━━ Dataset entries ━━
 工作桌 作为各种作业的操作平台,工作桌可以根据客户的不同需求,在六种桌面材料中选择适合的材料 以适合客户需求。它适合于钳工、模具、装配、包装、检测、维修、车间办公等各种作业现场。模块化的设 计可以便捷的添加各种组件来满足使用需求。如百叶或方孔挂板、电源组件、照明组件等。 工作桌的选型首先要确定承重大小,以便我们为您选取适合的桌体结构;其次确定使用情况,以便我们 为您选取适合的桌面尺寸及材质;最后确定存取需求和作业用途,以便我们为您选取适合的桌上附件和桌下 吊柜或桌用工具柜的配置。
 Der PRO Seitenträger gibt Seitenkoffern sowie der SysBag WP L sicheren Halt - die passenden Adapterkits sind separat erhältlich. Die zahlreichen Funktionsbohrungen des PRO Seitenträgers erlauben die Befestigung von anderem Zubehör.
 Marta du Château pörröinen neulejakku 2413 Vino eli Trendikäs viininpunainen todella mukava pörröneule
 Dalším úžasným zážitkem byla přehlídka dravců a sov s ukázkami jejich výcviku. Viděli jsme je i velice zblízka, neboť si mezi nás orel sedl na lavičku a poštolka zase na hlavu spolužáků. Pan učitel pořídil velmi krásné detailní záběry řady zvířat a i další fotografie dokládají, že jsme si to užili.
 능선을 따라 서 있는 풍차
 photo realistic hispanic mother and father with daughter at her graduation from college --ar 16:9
━━━
## Task goal
Give the records above again in full, keeping every character unchanged.

## Solution below
 工作桌 作为各种作业的操作平台,工作桌可以根据客户的不同需求,在六种桌面材料中选择适合的材料 以适合客户需求。它适合于钳工、模具、装配、包装、检测、维修、车间办公等各种作业现场。模块化的设 计可以便捷的添加各种组件来满足使用需求。如百叶或方孔挂板、电源组件、照明组件等。 工作桌的选型首先要确定承重大小,以便我们为您选取适合的桌体结构;其次确定使用情况,以便我们 为您选取适合的桌面尺寸及材质;最后确定存取需求和作业用途,以便我们为您选取适合的桌上附件和桌下 吊柜或桌用工具柜的配置。
 Der PRO Seitenträger gibt Seitenkoffern sowie der SysBag WP L sicheren Halt - die passenden Adapterkits sind separat erhältlich. Die zahlreichen Funktionsbohrungen des PRO Seitenträgers erlauben die Befestigung von anderem Zubehör.
 Marta du Château pörröinen neulejakku 2413 Vino eli Trendikäs viininpunainen todella mukava pörröneule
 Dalším úžasným zážitkem byla přehlídka dravců a sov s ukázkami jejich výcviku. Viděli jsme je i velice zblízka, neboť si mezi nás orel sedl na lavičku a poštolka zase na hlavu spolužáků. Pan učitel pořídil velmi krásné detailní záběry řady zvířat a i další fotografie dokládají, že jsme si to užili.
 능선을 따라 서 있는 풍차
 photo realistic hispanic mother and father with daughter at her graduation from college --ar 16:9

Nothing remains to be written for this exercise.